Smith also said the language clarifying that the law is meant to protect nonbelievers was noncontroversial even among the more evangelical members of Congress.
“It speaks well of all of, of everyone, that we really want to protect freedom of conscience for all people,” Smith said.
But Smith is now deeply concerned that the State Department is using taxpayer funds to directly benefit the atheist and humanist cause and possibly grow its numbers. In the coming weeks, the New Jersey Republican plans to introduce legislation explicitly barring grants violating the Establishment Clause. He cited language in the Notice of Funding Opportunity, the official agency notice describing the grant and requesting applicants, as potentially violating the First Amendment prohibitions. The notice states that the “expected program outcome” was to “[i]ncrease capacity among members of atheist and heterodox individuals to form or join networks or organizations.”
“It is hard to believe that Department officials refused to read the words right in front of them, but we are not sure what else may have happened,” the GOP members wrote in their Wednesday letter to Verma.
They also cite HI’s state strategic goals, which include having member organizations in “every part of the world,” according to its website.
Gary McLelland, HI’s CEO, has been very vocal about his animus against the Roman Catholic Church, arguing in one podcast that, “It’s obviously my job in [the international HI organization] to combat the Vatican policies and to push against them.”

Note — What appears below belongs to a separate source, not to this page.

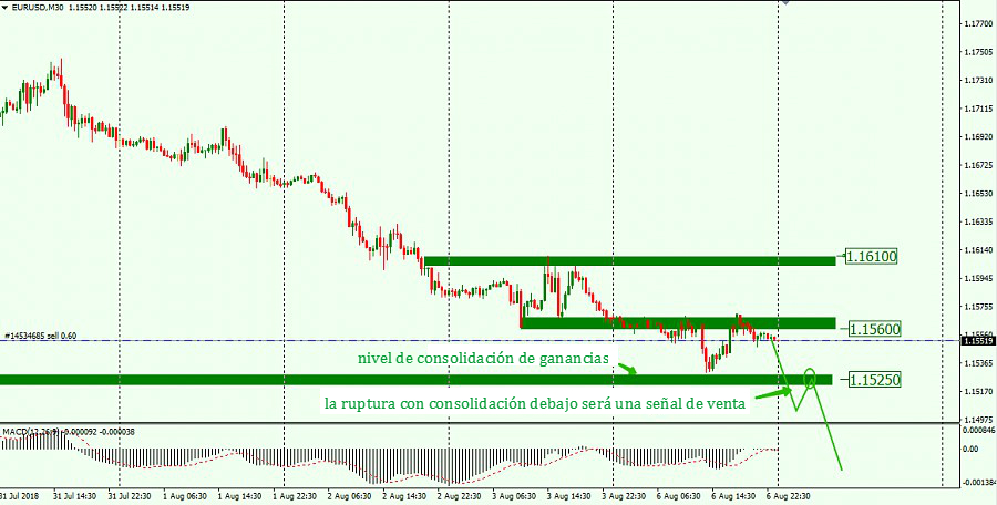 Si el precio se mueve en la dirección bajista, podemos esperar una ruptura y consolidación del precio debajo de 1.1525. Esta será una señal de venta.
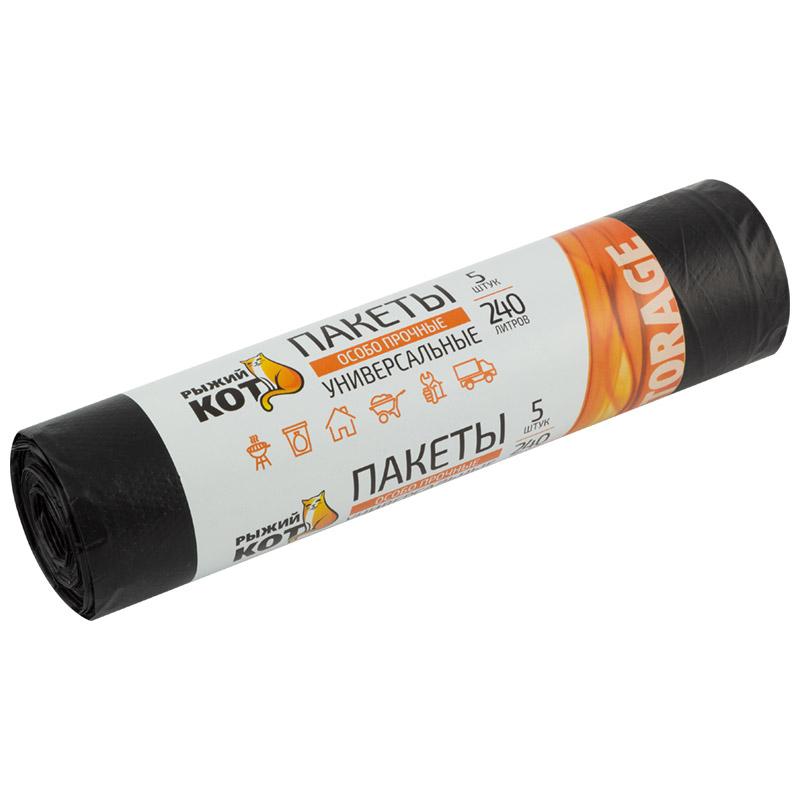 Пакеты универсальные 240л (5шт./рул.) особо прочные, ПВД, черные, 43мкм

The timing of the grant may have helped HI recover from a tough financial period. An RCP analysis of HI’s charitable 990 tax forms shows that the organization operated at a net loss every year from 2019 until 2021, ending that year with a net loss of $322,000, although it listed $3.8 million in assets. In 2022, roughly the time of receiving the State’s $500,000 Department grant, the organization reported only a $3,000 loss and $3.2 million in assets.
As recently as March 21, during an appearance before the House Foreign Affairs Committee, Verma dismissed the Republicans’ concerns that the grant was promoting converts to atheism or humanism instead of tolerance for all religious minorities. At one point during his testimony, Verma deemed the grant “exactly the right kind of program.”
“I have looked at the grant. I have looked at the materials,” he said. “[Promoting atheism] is not what the grant is for, and that is not what the work would be for. We would never authorize such a grant to any organization.” I have seen no evidence of any grant to promote atheism in Nepal … I have looked at the materials this grantee has used. It was about supporting civil society.”
In February, a State Department assistant secretary told the House Republicans that the grant-funded training in Nepal only concerned “creating guidelines … for the promotion of human rights and dignity.”
The agency continued to deny that it provided funds to any organizations with “the aim of using the funds to promote or advance specific ideologies or beliefs,” even though the official State Department “scope of work” for the program stated that participants would “conduct advocacy and members activities promoting humanism” and would work to “increase and diversify their membership network.”